- **Goal of the exercise**
Return all of the data exactly as written, without the pictures.

=======

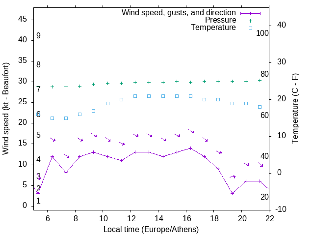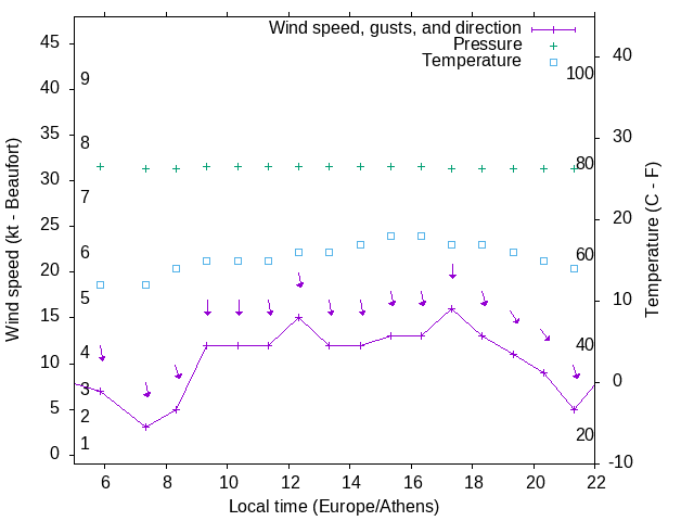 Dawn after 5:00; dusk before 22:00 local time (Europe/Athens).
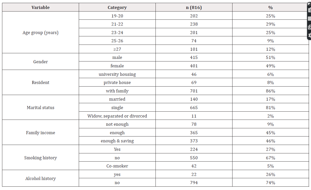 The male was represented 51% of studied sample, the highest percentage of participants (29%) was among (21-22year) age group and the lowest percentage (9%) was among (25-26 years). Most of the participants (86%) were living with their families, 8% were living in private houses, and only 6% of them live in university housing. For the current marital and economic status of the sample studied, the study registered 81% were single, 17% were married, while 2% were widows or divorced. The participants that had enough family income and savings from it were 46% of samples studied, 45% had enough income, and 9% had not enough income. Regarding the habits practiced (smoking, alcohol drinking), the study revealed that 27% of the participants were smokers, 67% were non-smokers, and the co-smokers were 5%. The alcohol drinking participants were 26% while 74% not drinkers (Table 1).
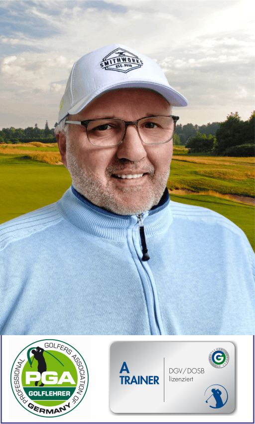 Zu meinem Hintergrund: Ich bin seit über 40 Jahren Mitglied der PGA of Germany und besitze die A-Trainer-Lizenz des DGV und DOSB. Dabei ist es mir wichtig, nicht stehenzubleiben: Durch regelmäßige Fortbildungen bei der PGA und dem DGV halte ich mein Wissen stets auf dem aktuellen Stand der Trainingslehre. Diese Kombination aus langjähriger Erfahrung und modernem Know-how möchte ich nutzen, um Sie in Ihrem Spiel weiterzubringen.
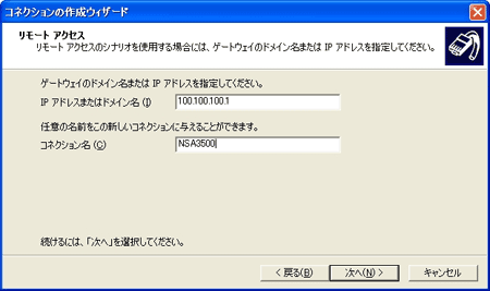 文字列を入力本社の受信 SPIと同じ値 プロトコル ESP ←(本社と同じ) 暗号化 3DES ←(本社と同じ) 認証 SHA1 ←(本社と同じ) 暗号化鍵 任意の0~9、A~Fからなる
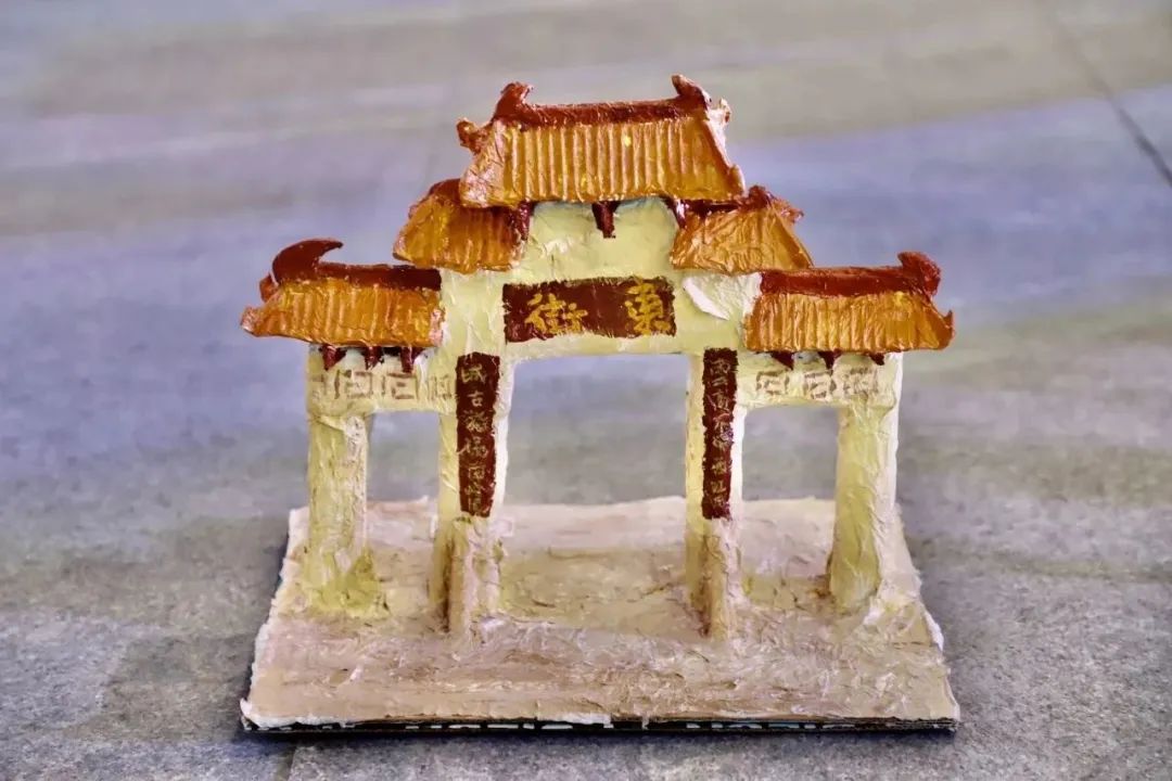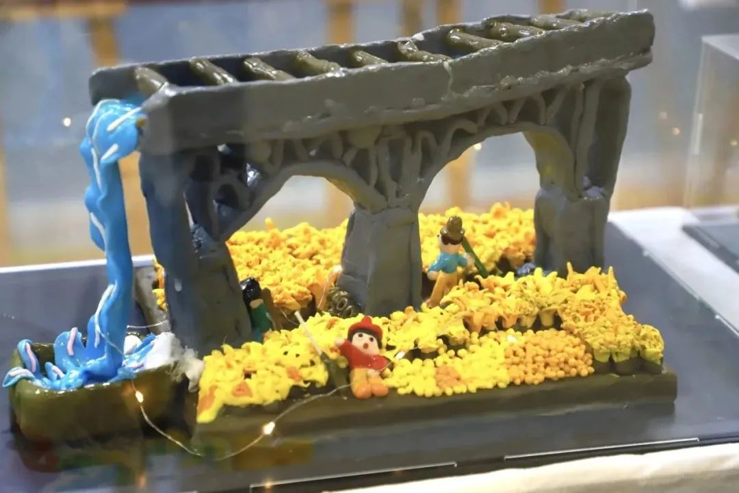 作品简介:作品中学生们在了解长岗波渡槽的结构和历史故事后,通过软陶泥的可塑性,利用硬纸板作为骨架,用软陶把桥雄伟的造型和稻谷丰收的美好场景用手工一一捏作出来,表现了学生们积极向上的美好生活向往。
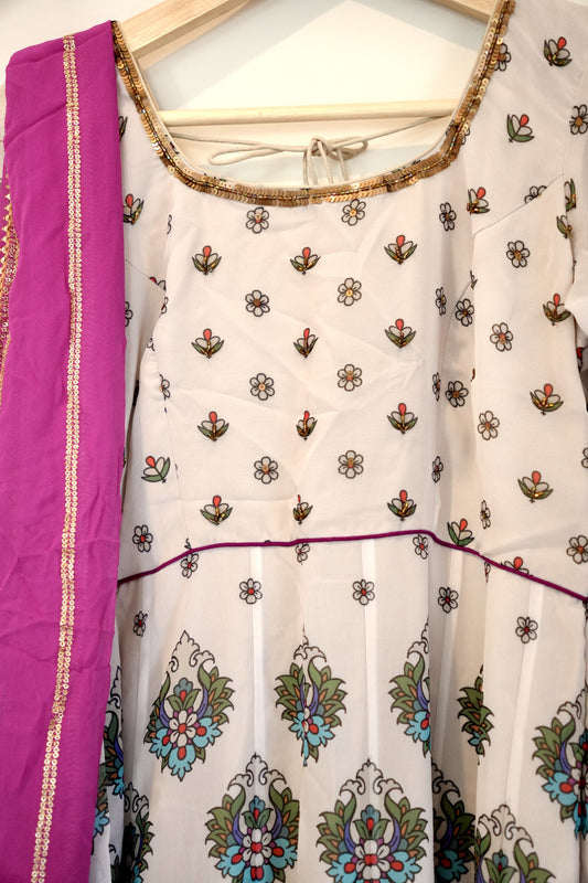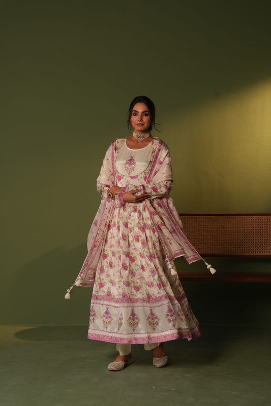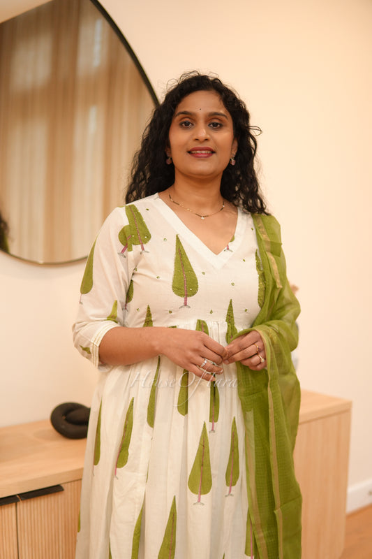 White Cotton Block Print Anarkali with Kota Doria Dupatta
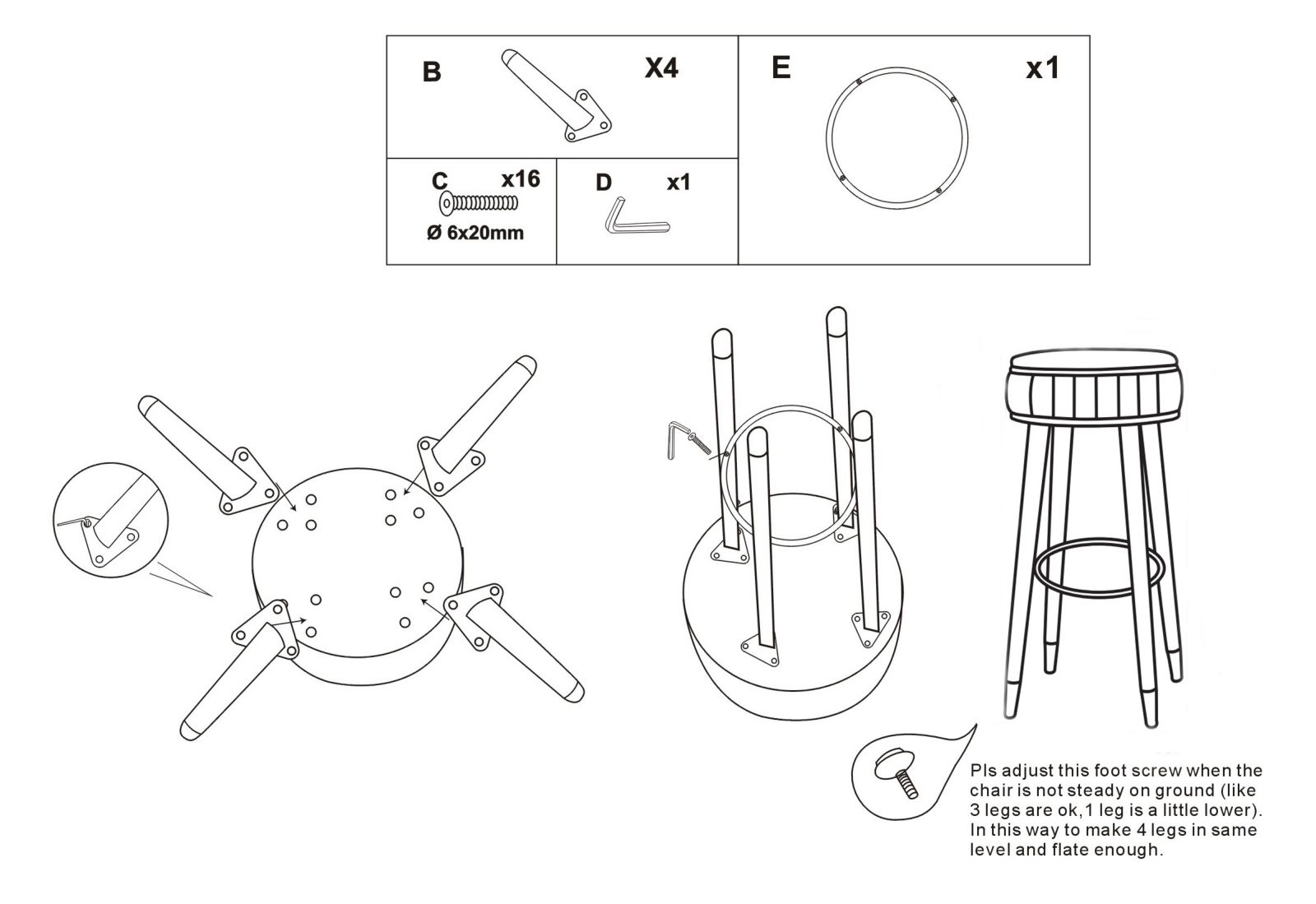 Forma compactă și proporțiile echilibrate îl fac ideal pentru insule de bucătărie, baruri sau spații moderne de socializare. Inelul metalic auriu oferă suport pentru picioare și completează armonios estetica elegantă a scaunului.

=======

- **Response box**
 Dawn after 5:00; dusk before 22:00 local time (Europe/Athens).
 The male was represented 51% of studied sample, the highest percentage of participants (29%) was among (21-22year) age group and the lowest percentage (9%) was among (25-26 years). Most of the participants (86%) were living with their families, 8% were living in private houses, and only 6% of them live in university housing. For the current marital and economic status of the sample studied, the study registered 81% were single, 17% were married, while 2% were widows or divorced. The participants that had enough family income and savings from it were 46% of samples studied, 45% had enough income, and 9% had not enough income. Regarding the habits practiced (smoking, alcohol drinking), the study revealed that 27% of the participants were smokers, 67% were non-smokers, and the co-smokers were 5%. The alcohol drinking participants were 26% while 74% not drinkers (Table 1).
 Zu meinem Hintergrund: Ich bin seit über 40 Jahren Mitglied der PGA of Germany und besitze die A-Trainer-Lizenz des DGV und DOSB. Dabei ist es mir wichtig, nicht stehenzubleiben: Durch regelmäßige Fortbildungen bei der PGA und dem DGV halte ich mein Wissen stets auf dem aktuellen Stand der Trainingslehre. Diese Kombination aus langjähriger Erfahrung und modernem Know-how möchte ich nutzen, um Sie in Ihrem Spiel weiterzubringen.
 文字列を入力本社の受信 SPIと同じ値 プロトコル ESP ←(本社と同じ) 暗号化 3DES ←(本社と同じ) 認証 SHA1 ←(本社と同じ) 暗号化鍵 任意の0~9、A~Fからなる
 作品简介:作品中学生们在了解长岗波渡槽的结构和历史故事后,通过软陶泥的可塑性,利用硬纸板作为骨架,用软陶把桥雄伟的造型和稻谷丰收的美好场景用手工一一捏作出来,表现了学生们积极向上的美好生活向往。
 White Cotton Block Print Anarkali with Kota Doria Dupatta
 Forma compactă și proporțiile echilibrate îl fac ideal pentru insule de bucătărie, baruri sau spații moderne de socializare. Inelul metalic auriu oferă suport pentru picioare și completează armonios estetica elegantă a scaunului.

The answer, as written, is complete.